:: About this exercise ::
Look through the material below. Return exactly the lines from the one with "Στο μήνυμα επισημαίνεται" through the one with "Son objectif: proposer", both included.

── Record excerpts

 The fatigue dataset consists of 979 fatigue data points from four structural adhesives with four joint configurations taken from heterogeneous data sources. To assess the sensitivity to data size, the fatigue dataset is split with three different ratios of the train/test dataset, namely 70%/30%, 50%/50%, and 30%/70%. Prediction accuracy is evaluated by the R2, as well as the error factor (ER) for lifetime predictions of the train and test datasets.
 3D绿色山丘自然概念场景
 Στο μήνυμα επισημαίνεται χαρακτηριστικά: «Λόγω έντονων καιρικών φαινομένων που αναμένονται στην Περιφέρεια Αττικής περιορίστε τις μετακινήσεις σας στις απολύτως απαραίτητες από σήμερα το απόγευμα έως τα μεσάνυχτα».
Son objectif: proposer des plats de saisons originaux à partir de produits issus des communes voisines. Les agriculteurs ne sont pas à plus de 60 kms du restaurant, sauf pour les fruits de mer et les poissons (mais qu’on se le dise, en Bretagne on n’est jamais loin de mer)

────
── Record excerpts

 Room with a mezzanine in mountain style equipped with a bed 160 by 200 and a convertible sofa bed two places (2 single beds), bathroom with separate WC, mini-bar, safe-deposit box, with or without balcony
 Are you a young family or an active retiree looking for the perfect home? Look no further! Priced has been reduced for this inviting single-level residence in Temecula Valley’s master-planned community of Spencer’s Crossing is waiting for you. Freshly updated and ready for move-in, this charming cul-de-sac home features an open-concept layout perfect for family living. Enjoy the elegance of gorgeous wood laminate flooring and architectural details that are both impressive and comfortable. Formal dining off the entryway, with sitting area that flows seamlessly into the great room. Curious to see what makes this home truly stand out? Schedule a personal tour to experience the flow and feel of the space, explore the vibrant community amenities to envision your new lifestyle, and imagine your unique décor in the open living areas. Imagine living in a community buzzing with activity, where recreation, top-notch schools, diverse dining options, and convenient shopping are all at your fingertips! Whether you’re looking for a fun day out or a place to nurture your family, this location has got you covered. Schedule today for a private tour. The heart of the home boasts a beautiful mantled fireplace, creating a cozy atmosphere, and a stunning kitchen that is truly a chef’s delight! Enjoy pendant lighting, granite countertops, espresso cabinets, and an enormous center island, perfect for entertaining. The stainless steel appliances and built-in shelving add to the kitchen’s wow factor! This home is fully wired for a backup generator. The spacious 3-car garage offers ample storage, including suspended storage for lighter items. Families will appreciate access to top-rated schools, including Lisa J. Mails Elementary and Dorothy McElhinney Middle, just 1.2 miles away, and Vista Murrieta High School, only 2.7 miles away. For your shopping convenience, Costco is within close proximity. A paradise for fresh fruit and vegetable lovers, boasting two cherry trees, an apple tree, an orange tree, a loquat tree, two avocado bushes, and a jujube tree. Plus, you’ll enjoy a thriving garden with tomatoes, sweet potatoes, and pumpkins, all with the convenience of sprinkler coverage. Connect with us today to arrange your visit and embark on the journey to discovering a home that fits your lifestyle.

────
── Record excerpts

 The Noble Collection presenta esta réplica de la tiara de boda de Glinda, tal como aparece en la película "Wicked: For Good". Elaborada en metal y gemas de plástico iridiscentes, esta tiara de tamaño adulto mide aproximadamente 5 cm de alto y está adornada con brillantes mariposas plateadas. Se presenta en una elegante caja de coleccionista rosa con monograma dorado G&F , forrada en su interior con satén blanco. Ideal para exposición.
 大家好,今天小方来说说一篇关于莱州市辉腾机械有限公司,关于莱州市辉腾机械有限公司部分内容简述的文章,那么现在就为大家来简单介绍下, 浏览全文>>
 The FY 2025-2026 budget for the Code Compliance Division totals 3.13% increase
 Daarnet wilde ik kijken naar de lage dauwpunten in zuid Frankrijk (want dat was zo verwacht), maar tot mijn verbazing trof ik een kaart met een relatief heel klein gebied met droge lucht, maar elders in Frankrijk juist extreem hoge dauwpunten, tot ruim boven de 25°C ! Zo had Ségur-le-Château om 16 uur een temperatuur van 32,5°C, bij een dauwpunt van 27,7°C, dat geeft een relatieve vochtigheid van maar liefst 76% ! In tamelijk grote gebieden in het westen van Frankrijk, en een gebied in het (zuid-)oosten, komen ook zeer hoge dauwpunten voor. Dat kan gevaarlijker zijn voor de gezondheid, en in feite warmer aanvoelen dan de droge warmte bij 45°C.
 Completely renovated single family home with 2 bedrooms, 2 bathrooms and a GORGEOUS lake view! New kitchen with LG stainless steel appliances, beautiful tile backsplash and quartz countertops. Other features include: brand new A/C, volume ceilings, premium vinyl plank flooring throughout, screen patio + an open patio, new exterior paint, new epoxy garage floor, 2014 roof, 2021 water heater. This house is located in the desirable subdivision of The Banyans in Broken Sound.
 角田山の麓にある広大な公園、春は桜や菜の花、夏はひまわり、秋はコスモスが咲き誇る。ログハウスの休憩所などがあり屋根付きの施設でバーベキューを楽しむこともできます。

────

:: Task output ::
 Στο μήνυμα επισημαίνεται χαρακτηριστικά: «Λόγω έντονων καιρικών φαινομένων που αναμένονται στην Περιφέρεια Αττικής περιορίστε τις μετακινήσεις σας στις απολύτως απαραίτητες από σήμερα το απόγευμα έως τα μεσάνυχτα».
Son objectif: proposer des plats de saisons originaux à partir de produits issus des communes voisines. Les agriculteurs ne sont pas à plus de 60 kms du restaurant, sauf pour les fruits de mer et les poissons (mais qu’on se le dise, en Bretagne on n’est jamais loin de mer)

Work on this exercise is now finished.